Climate change presents a different problem, though. The debate on endangered species, for example, isn’t about whether or not it is caused by us (it generally is), but on where to draw the line between the value of biodiversity versus exploitation. You can legitimately take either side or any place in between. With climate change the debate seems to not be about whether it’s bad or good, but with whether or not it is anthropogenic. I have no patience for climate change deniers any more than I have patience for creationist theory. The debate is over, the other side lost and I have no interest in arguing it further. We should be addressing what we’re going to do about it.
I also believe that conservationists really need to rethink the philosophy of environmental issues. Fighting acid rain or stopping the harp seal hunt is great, but ultimately we’re fighting for our own future. The planet’s been around a long, long time and a climactic shift, or even a nuclear war, will hurt the human species more than the Earth. The biosphere has survived much greater insults than we can ever dish out and it will be around long after we’re gone.
Do you think an aquarium owner can be considered a marine conservationist?
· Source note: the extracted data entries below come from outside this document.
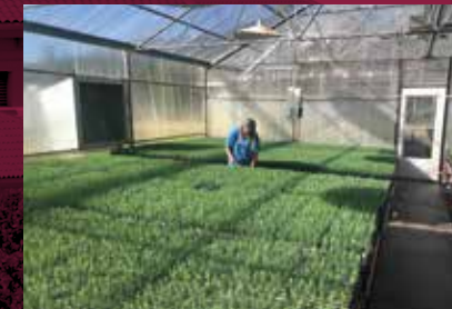
Reforestation America Page 12
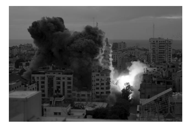
Hamas staged a surprise attack against Israel on October 7, 2023.
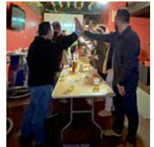
Furniture Factory Bar & Grill
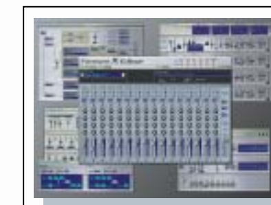
The Fantom-X editor for Mac and PC allows full-scale computer control via simple USB connection. A free copy is supplied with every Fantom-Xa.

sync'd rhythms for instant dance-floor inspiration. Enable the Xa's arpeggiator (choose from over 100 programmable patterns) and warp it with the twist of a knob.
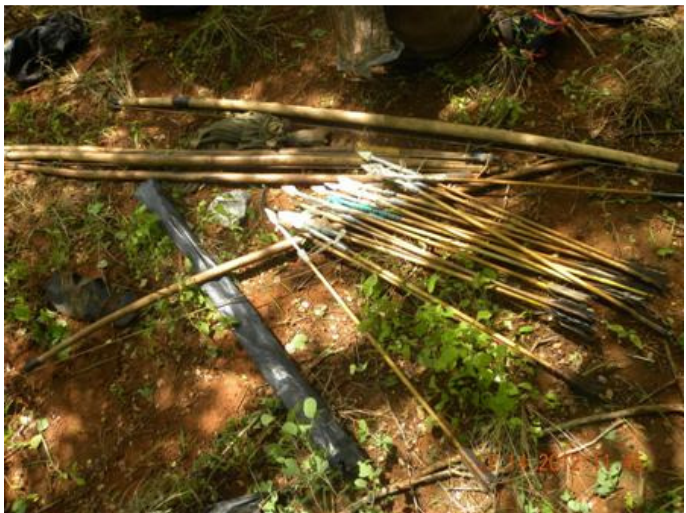
Above: poison arrows, bows and other items recovered from the arrests
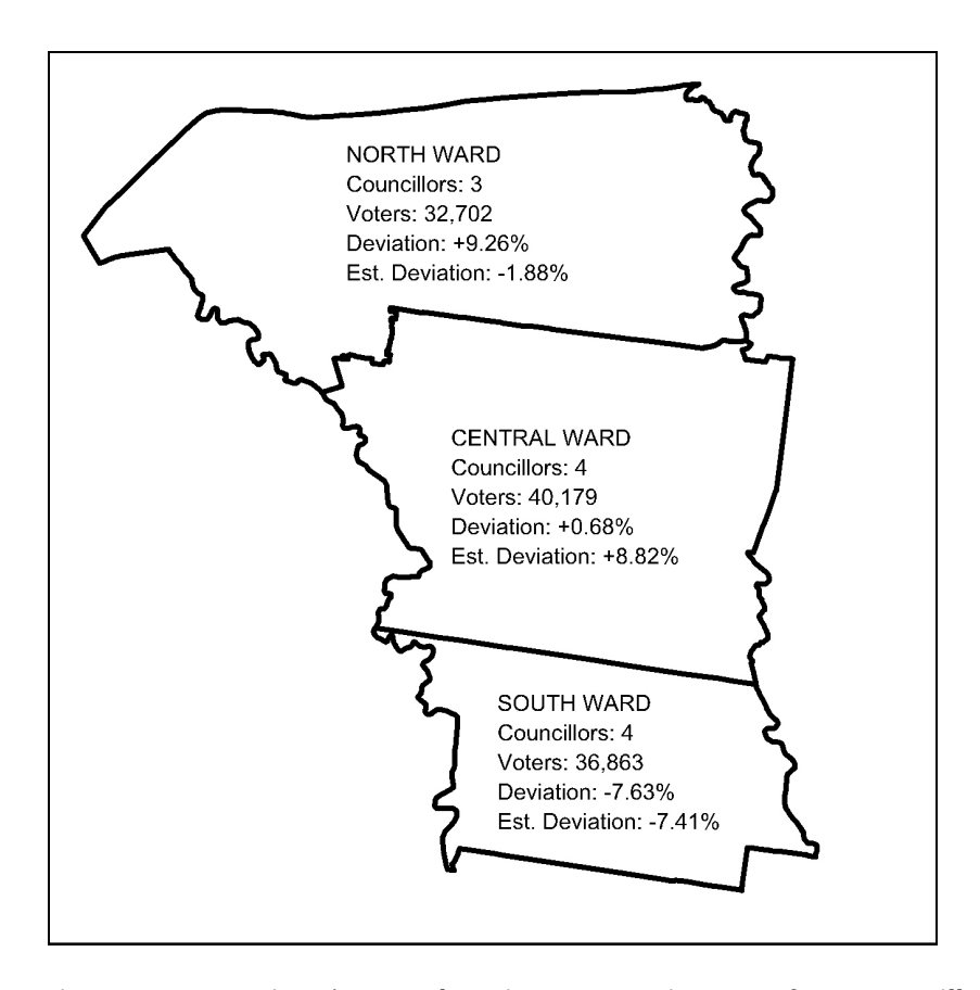
Figure 1: Cr Tapinos' second option, proposing two four-councillor wards and one three-councillor ward in the City of Moreland, using the current voter estimate and deviations and estimated deviations projected to 2021.

Central Wards, voter number deviations could be well contained until the next scheduled electoral representation review. The VEC, however, was concerned that this model compromises representation for the suburbs of Fawkner, Hadfield, Glenroy, Gowanbrae, Tullamarine and Oak Park. The VEC considers that the high levels of cultural and linguistic diversity in the north of the City is a special characteristic that demands higher requirements of local government. Therefore, the VEC considers that having only three councillors in Cr Tapinos' proposed North Ward might detrimentally affect representation for the communities within the area.
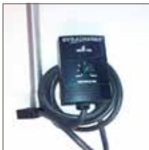
A071758 Heater complete with thermostat
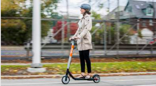
Spin's electric scooters are available in Corktown.

Electric Spin Scooters have come to Corktown. Here's what you need to know to pick one up:
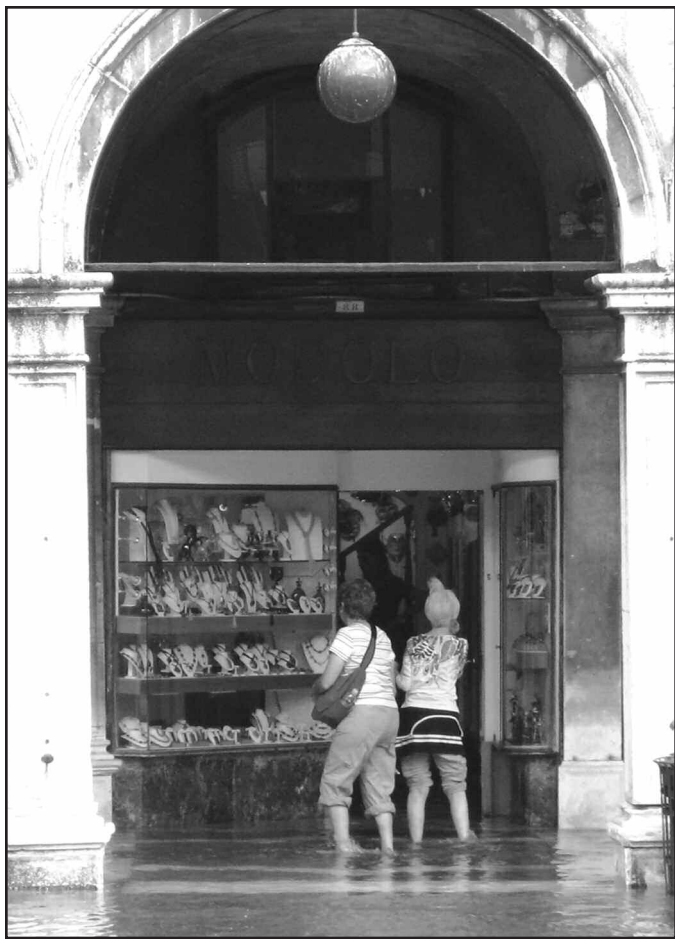
When the tide gets high, the streets flood with a few inches of water.
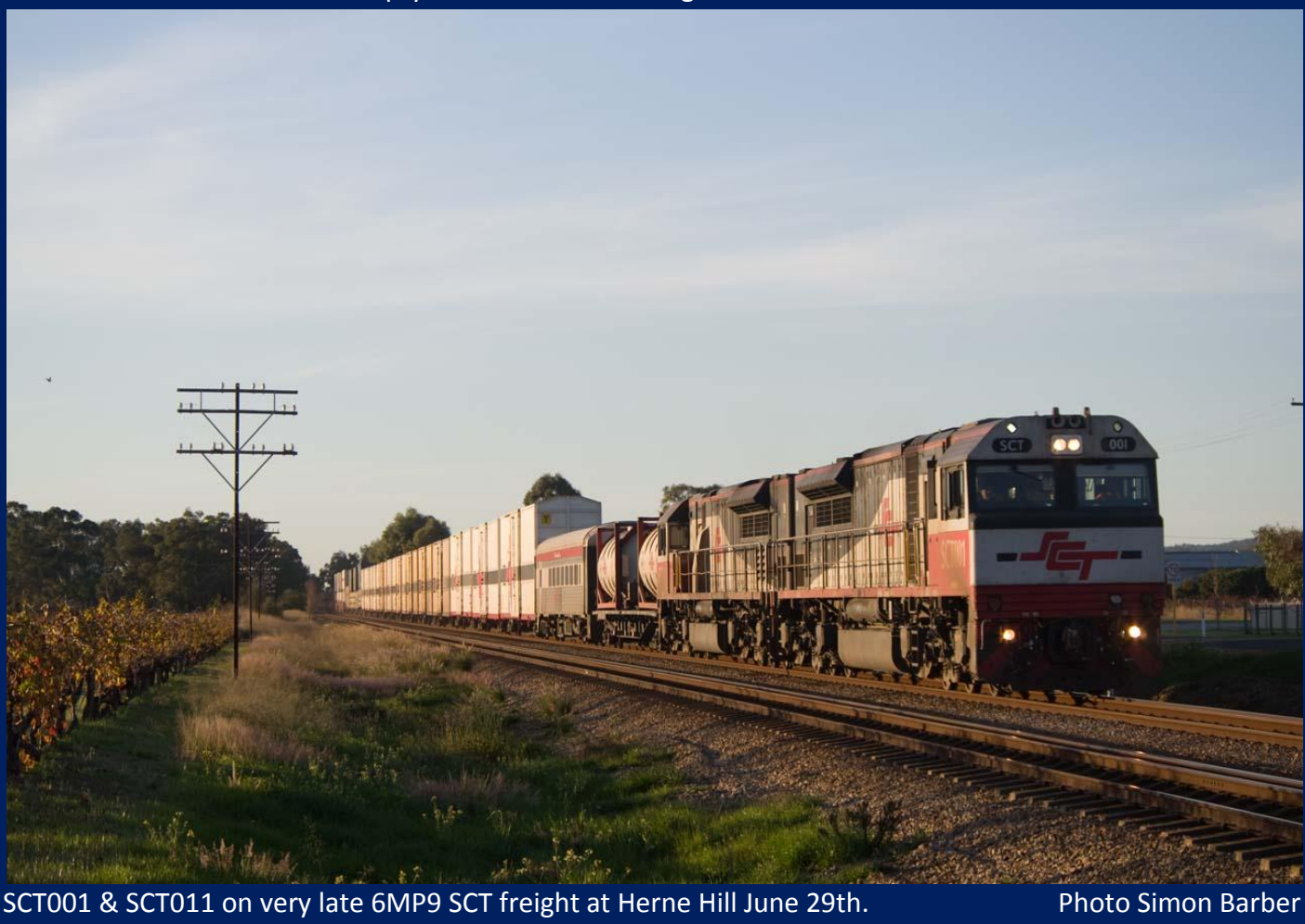
SCT001 & SCT011 on very late 6MP9 SCT freight at Herne Hill June 29th.
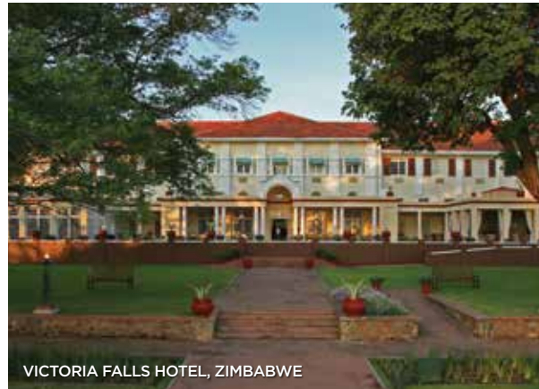
VICTORIA FALLS HOTEL, ZIMBABWE

One of the world's classic five-star hotels commands a prime location overlooking Victoria Falls. This Edwardian-style hotel, built in 1904, was splendidly remodeled in 2013 to combine its traditional majesty with modern sophistication. As one of the oldest hotels in Africa, the Victoria Falls Hotel serves as a reminder of the distinguished and elegant era in which it was born, with its Edwardian-style décor, broad verandas and tropical gardens with lily ponds and palm trees. The hotel presents a connoisseur's delight of dining options in both the Livingstone Room and the thatched, outdoor-style Jungle Junction, where internationally-trained chefs create exquisite dishes. AmaWaterways guests stay in the upgraded Deluxe Stable Wing rooms furnished in a modern style with a bygone feel. Bathrooms incorporate world-class amenities and a Victorian bathtub with large, separate walk-in shower.
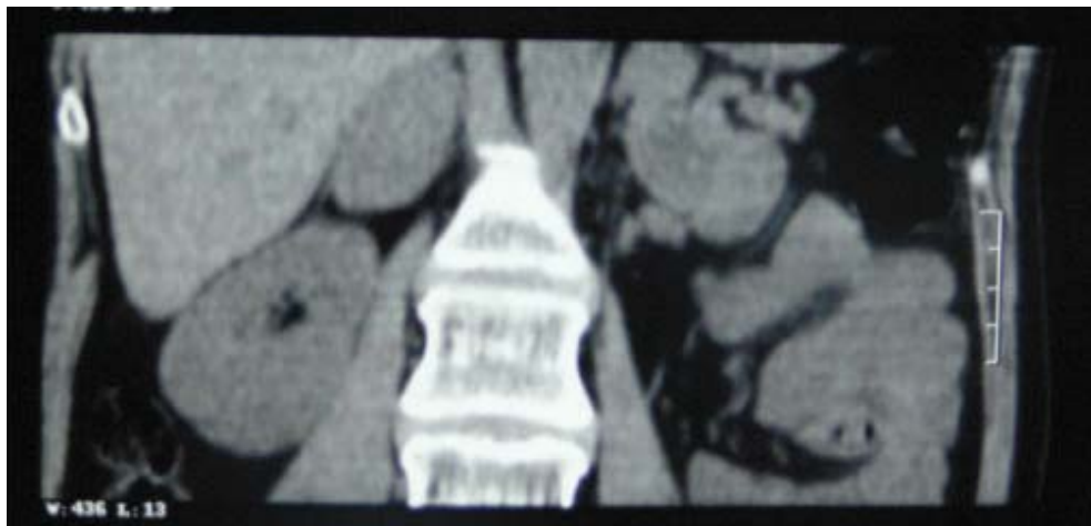
Figure 1. Adrenal CT imaging of the patient
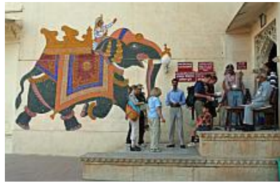
Grand Palace Entrance
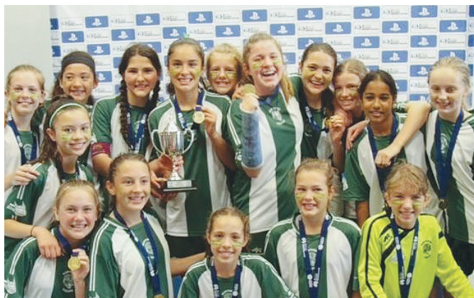
Girls U13 Premiers for 2015.
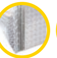
Stainless steel continuous hinges
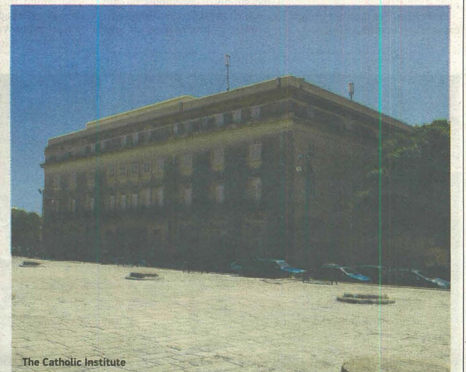
The Catholic Institute
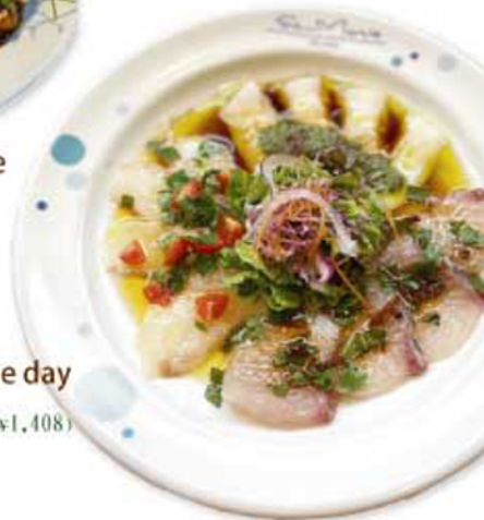
⑤④ Assortment of 3 carpaccio of the day ¥1,280 (税込 ¥1,408)
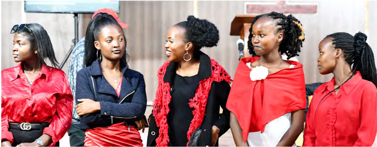
Colleger's Valentine dinner
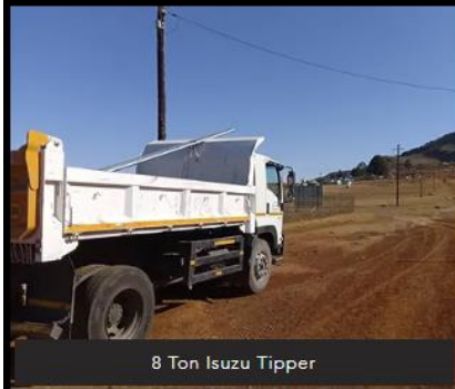
8 Ton Isuzu Tipper
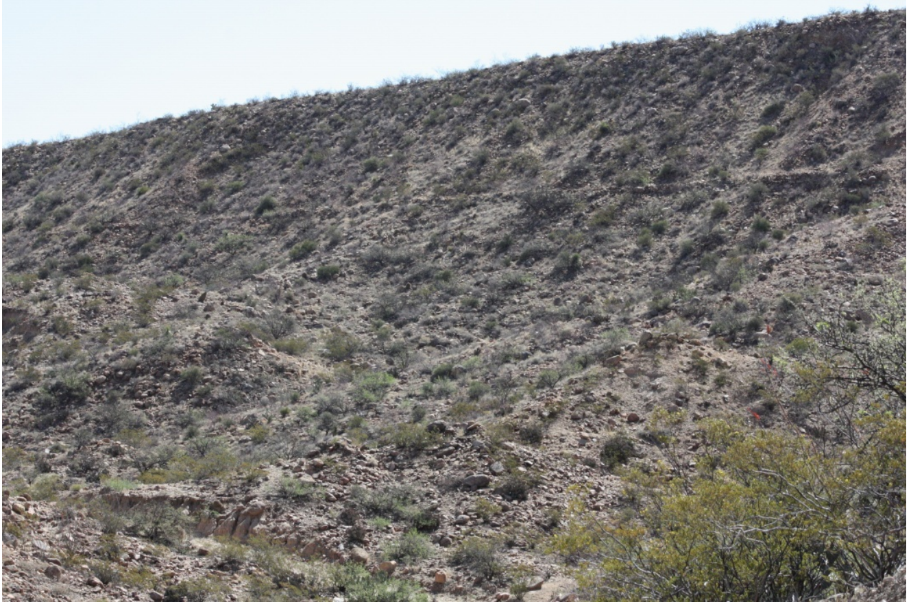
One of the more spectacular hanging canal reaches.
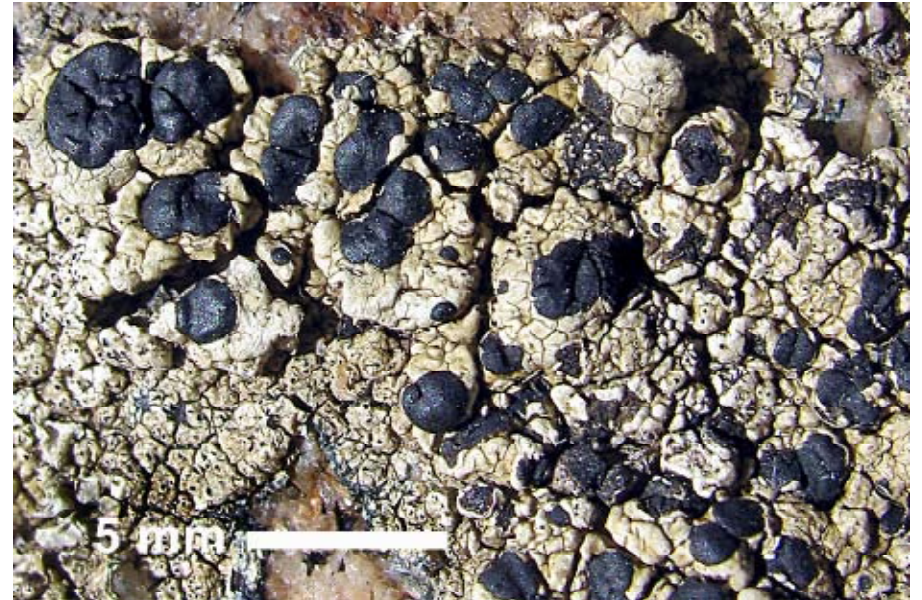
Fig. 5. Tephromela promontorii (J.A. Elix 21784 in CANB).

Absolutely. In fact, I believe the aquarium hobbyist has the potential to be one the most effective voices for the marine environment. There is nothing more effective in demonstrating biological principles than a living, breathing example. I’m sure everyone reading this has had to address the well-meaning person who feels we are doing a disservice to the animal by taking it out of its natural environment and keeping it penned up in an cage or a tank. Here’s how I answer that concern, and I get it often: This animal is an ambassador for its species. Simple as that. People can only be concerned enough to care about an ecosystem or habitat to protect it if they have an appreciation of the organisms that live there. Knowledge of and personal contact with an animal is far and away the best way to achieve the level of concern needed to protect them. It’s no coincidence that zoos are some of the leading institutions for habitat protection and endangered species work. Go to the Bronx Zoo and spend a half hour watching the mountain gorilla exhibit and then see if you shed a tear reading news reports of bush meat poaching. Responsible aquarium hobbyists can do the same thing on a smaller scale.
You’re obviously an expert in providing awareness of marine biology and marine world issues. What else can and should be done to promote education? What can the average marine enthusiast who’s not a marine scientist and doesn’t own a marine-related business do?
I do this education thing for a living, and a lot of it out of love for the subject for free in the blogosphere, but I wouldn’t call myself an expert. I’m mostly just a guy with website who’s trying to share his passions with other people. But in a world where anyone with a modem and a little bit of curiosity can share what they learn to a potentially global audience, well that’s a wonderful thing and can do as much to promote education as the guy who travels around the world on the lecture circuit.
As far as your last question goes: Write about what you know. And post something every day.